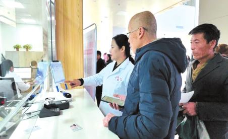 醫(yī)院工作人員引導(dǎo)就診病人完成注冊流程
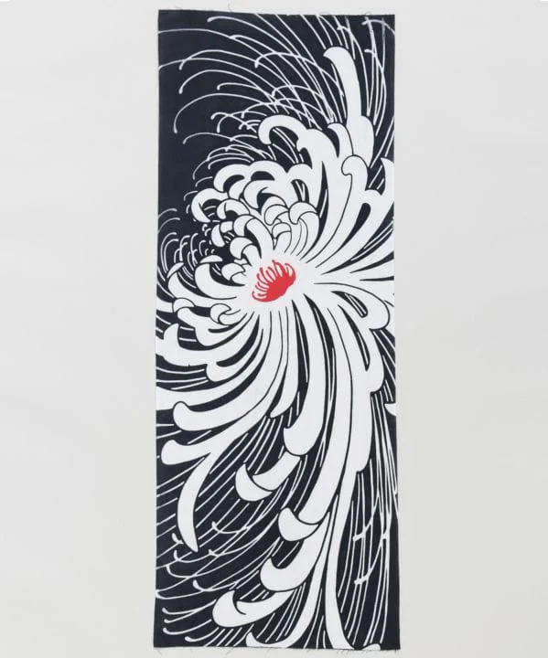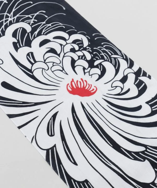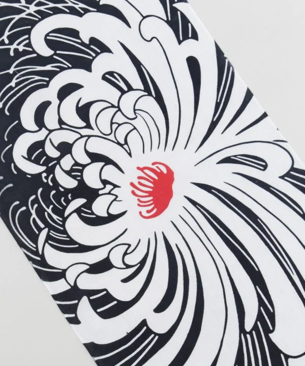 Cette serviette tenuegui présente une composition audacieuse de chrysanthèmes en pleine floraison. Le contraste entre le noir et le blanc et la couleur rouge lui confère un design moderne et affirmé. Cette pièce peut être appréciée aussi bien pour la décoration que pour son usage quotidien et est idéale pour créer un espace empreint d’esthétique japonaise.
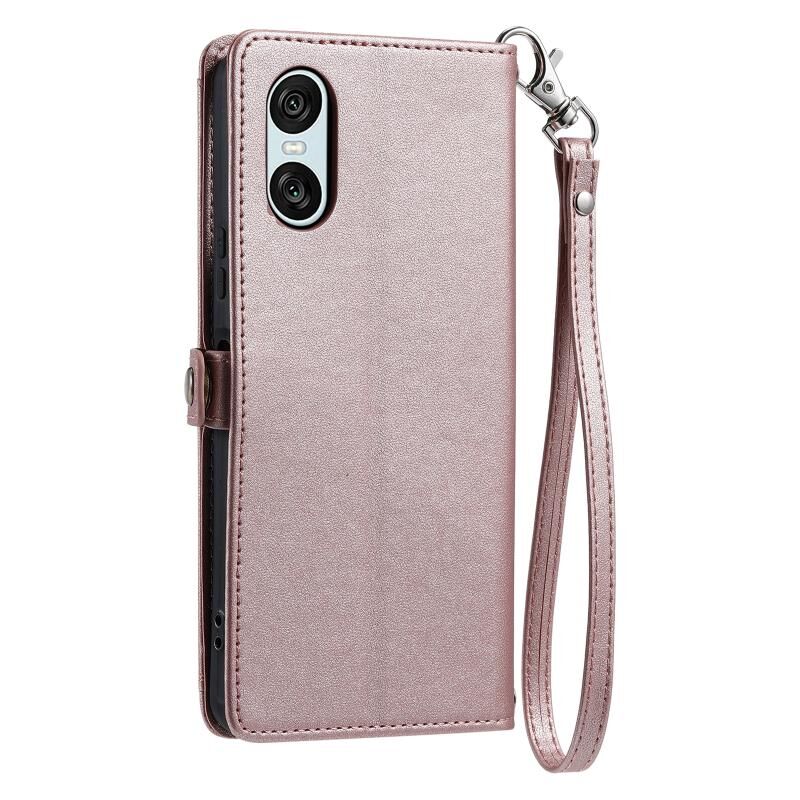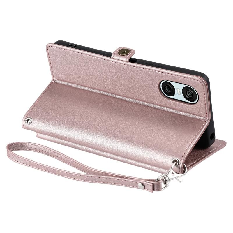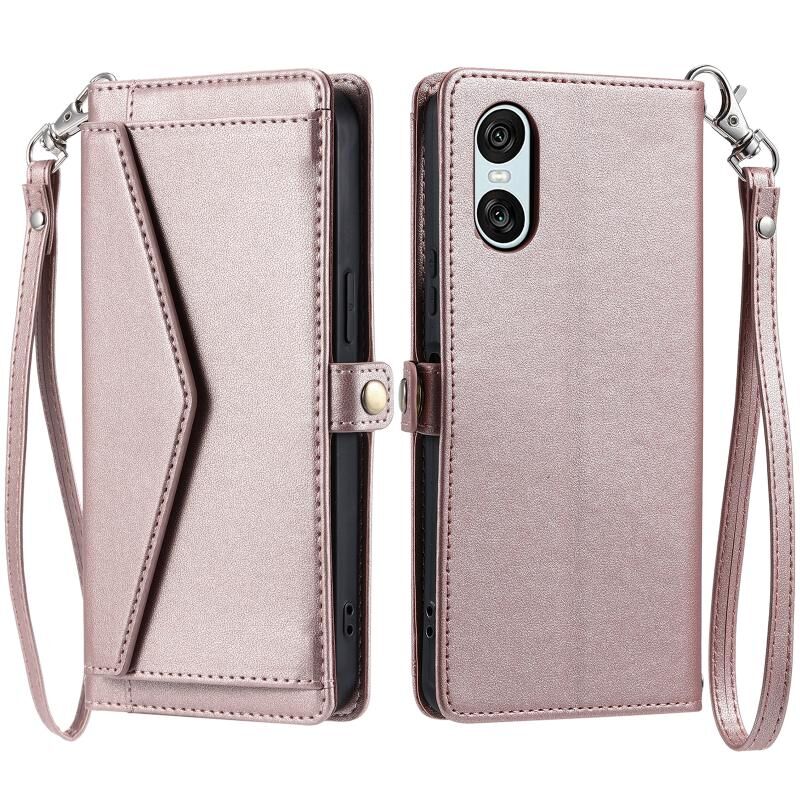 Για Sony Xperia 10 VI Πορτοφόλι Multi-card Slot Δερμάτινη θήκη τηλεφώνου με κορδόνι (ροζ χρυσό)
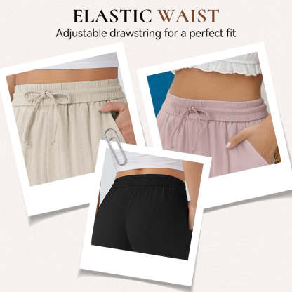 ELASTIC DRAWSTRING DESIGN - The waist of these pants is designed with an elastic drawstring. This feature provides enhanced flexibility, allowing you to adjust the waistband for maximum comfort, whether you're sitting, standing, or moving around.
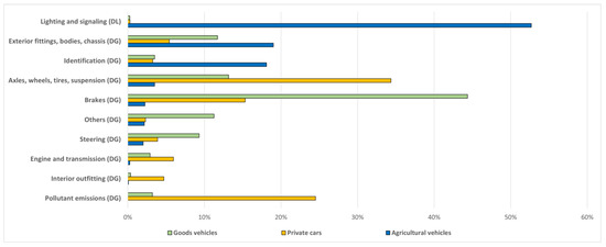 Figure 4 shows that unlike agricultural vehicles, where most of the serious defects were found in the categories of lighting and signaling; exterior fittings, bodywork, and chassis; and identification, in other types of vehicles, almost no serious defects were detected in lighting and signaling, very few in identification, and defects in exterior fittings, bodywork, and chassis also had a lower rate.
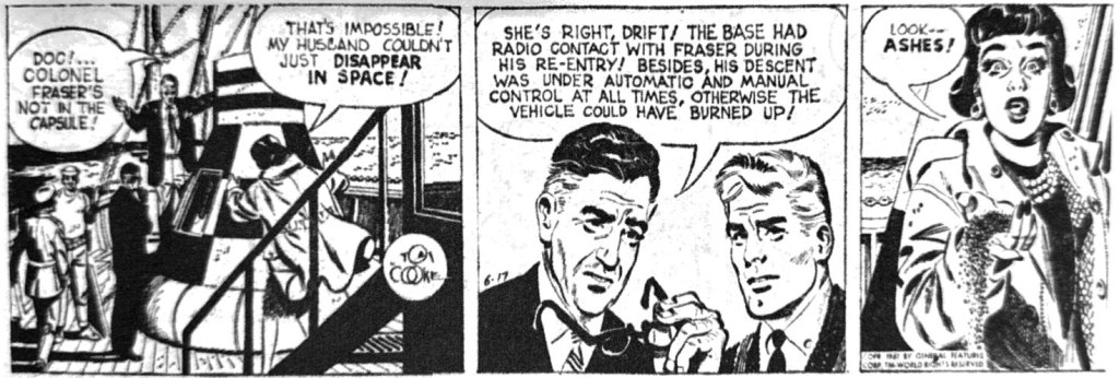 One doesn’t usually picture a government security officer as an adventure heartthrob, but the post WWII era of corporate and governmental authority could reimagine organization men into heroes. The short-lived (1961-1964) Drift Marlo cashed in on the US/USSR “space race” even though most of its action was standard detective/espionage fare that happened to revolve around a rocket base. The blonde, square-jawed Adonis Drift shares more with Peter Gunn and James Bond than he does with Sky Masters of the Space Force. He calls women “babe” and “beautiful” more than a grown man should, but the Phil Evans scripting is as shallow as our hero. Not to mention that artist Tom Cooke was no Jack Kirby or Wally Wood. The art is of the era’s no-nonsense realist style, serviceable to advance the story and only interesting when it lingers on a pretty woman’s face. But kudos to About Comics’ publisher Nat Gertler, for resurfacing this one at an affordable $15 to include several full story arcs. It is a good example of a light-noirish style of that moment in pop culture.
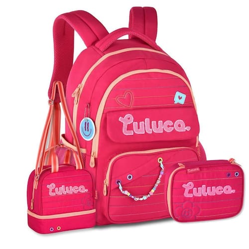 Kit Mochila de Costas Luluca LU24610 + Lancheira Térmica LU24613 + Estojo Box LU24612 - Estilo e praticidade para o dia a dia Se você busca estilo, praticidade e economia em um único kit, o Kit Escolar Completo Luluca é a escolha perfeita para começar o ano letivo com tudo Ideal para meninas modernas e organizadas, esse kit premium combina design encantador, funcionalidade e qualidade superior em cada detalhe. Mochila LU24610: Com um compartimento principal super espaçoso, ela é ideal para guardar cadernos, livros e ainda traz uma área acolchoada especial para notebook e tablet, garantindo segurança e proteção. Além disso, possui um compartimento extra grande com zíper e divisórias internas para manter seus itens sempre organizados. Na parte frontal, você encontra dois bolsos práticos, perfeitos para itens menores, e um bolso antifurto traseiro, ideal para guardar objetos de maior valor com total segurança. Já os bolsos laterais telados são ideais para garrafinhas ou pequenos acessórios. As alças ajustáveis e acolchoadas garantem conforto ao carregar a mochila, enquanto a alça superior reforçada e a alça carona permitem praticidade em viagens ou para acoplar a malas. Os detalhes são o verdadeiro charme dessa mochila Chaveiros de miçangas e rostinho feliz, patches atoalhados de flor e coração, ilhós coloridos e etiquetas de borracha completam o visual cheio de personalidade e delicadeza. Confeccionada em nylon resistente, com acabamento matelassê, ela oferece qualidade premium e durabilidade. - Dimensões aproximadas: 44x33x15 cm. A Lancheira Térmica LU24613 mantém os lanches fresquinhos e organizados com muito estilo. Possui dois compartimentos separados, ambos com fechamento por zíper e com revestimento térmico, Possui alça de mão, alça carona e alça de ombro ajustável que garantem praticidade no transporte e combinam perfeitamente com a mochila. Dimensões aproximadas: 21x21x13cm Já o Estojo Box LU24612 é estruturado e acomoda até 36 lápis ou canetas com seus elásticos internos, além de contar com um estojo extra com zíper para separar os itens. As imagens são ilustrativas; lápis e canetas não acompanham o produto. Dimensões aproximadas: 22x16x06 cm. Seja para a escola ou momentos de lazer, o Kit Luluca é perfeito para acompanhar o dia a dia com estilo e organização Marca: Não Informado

--------------------------------

Using the entries above, transcribe exactly from the line that has "ELASTIC DRAWSTRING DESIGN" through the line that has "Figure 4 shows". Pictures are dropped.

▶ [WRITTEN ANSWER]
 ELASTIC DRAWSTRING DESIGN - The waist of these pants is designed with an elastic drawstring. This feature provides enhanced flexibility, allowing you to adjust the waistband for maximum comfort, whether you're sitting, standing, or moving around.
 Figure 4 shows that unlike agricultural vehicles, where most of the serious defects were found in the categories of lighting and signaling; exterior fittings, bodywork, and chassis; and identification, in other types of vehicles, almost no serious defects were detected in lighting and signaling, very few in identification, and defects in exterior fittings, bodywork, and chassis also had a lower rate.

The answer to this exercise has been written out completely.